## EXERCISE DATA
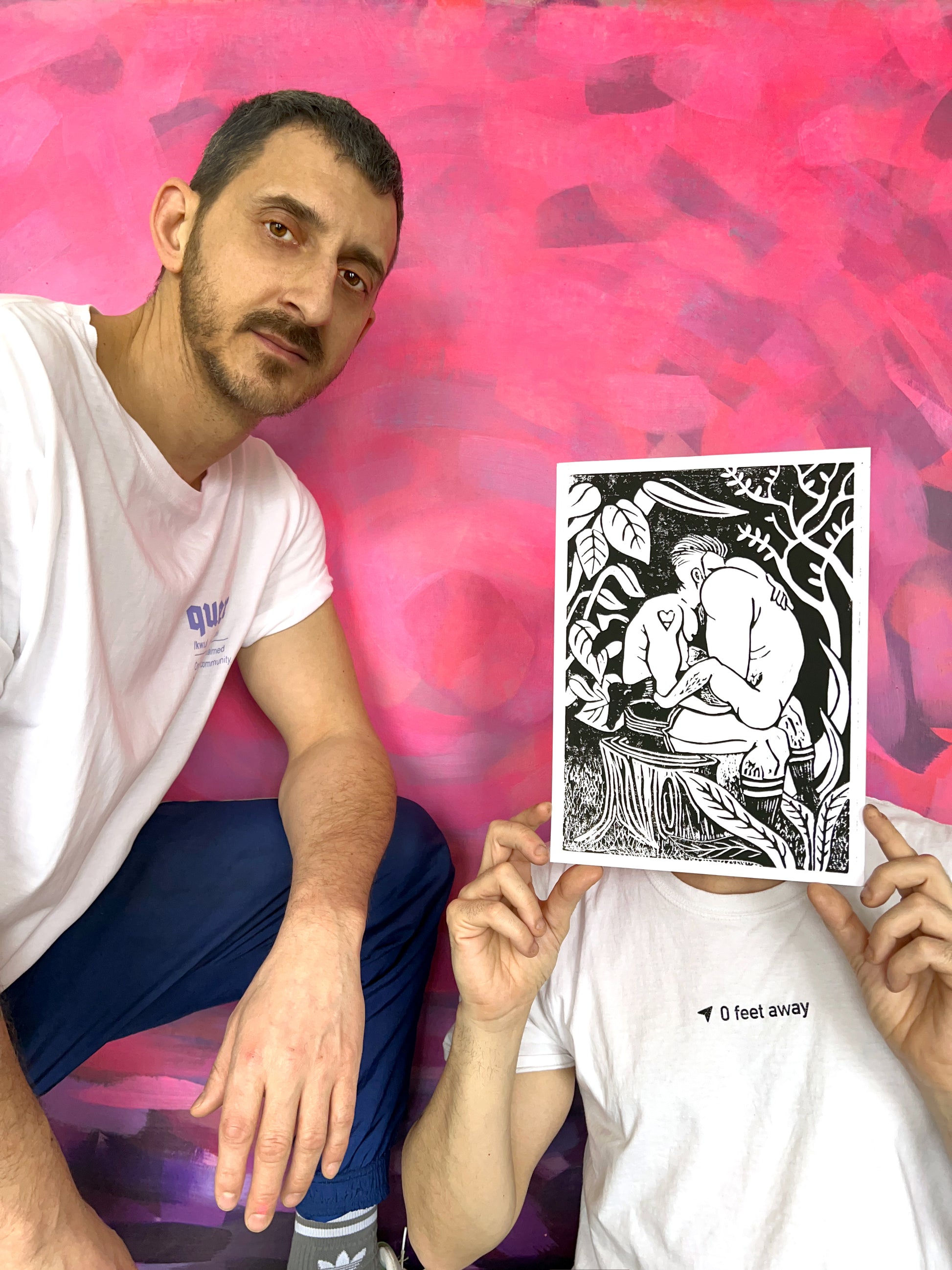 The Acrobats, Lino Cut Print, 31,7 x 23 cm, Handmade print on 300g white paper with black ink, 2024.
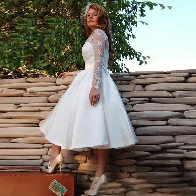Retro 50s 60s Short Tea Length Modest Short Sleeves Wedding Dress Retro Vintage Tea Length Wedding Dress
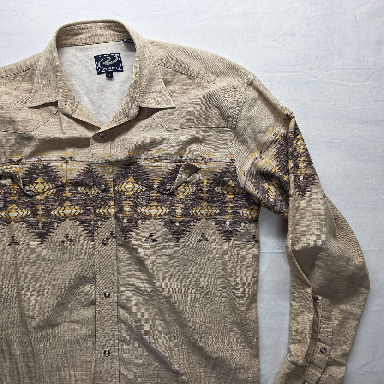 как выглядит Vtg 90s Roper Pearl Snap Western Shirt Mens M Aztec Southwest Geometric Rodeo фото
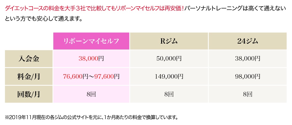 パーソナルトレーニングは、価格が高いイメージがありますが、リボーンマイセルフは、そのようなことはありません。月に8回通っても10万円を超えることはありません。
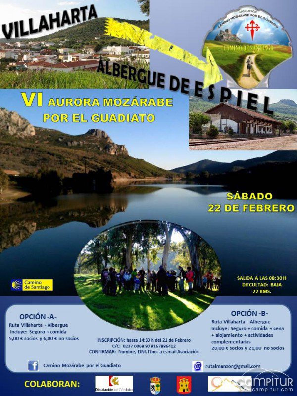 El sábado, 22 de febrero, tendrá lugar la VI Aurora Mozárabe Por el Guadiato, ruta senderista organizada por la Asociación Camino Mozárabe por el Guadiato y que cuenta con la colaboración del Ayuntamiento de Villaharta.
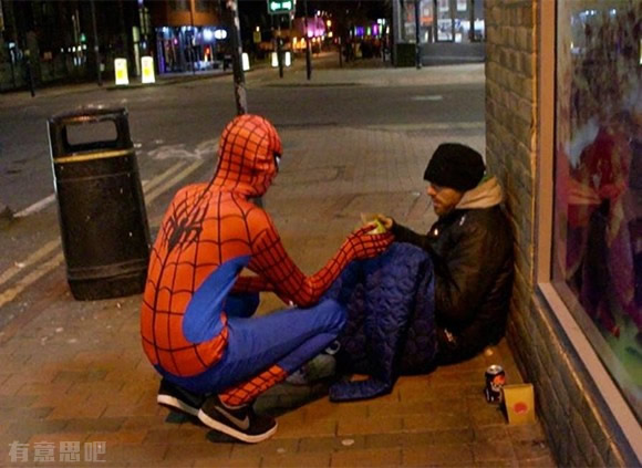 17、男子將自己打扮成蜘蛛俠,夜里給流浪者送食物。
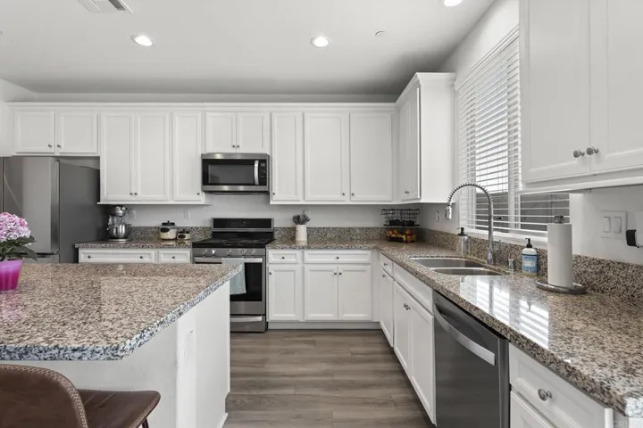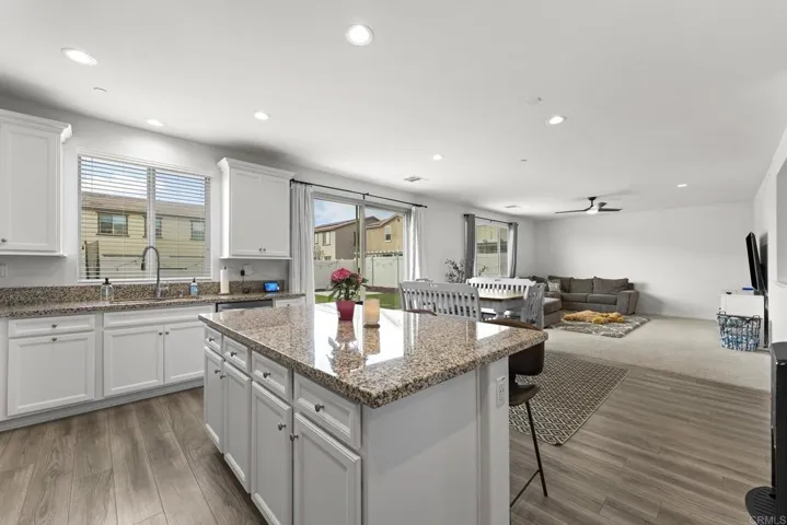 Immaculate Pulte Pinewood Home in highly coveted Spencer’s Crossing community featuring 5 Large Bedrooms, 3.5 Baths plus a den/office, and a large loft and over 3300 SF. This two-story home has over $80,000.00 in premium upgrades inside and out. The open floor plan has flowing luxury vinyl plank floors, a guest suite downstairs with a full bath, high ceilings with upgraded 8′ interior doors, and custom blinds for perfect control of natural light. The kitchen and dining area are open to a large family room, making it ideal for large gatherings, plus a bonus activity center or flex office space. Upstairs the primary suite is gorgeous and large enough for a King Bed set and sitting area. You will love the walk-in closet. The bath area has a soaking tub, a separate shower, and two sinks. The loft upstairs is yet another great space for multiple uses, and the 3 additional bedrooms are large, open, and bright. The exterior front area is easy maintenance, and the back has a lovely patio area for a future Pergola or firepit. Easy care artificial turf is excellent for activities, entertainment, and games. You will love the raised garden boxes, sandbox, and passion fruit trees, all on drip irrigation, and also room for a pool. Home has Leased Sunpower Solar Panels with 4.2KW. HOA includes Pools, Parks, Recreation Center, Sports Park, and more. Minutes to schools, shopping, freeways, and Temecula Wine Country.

## YOUR ASSIGNMENT
Reproduce the records word for word, please, from their first line up to and including the line that contains "17、男子將自己打扮成蜘蛛俠,夜里給流浪者送食物。", but no pictures.

## THE ANSWER
 The Acrobats, Lino Cut Print, 31,7 x 23 cm, Handmade print on 300g white paper with black ink, 2024.
Retro 50s 60s Short Tea Length Modest Short Sleeves Wedding Dress Retro Vintage Tea Length Wedding Dress
 как выглядит Vtg 90s Roper Pearl Snap Western Shirt Mens M Aztec Southwest Geometric Rodeo фото
 パーソナルトレーニングは、価格が高いイメージがありますが、リボーンマイセルフは、そのようなことはありません。月に8回通っても10万円を超えることはありません。
 El sábado, 22 de febrero, tendrá lugar la VI Aurora Mozárabe Por el Guadiato, ruta senderista organizada por la Asociación Camino Mozárabe por el Guadiato y que cuenta con la colaboración del Ayuntamiento de Villaharta.
 17、男子將自己打扮成蜘蛛俠,夜里給流浪者送食物。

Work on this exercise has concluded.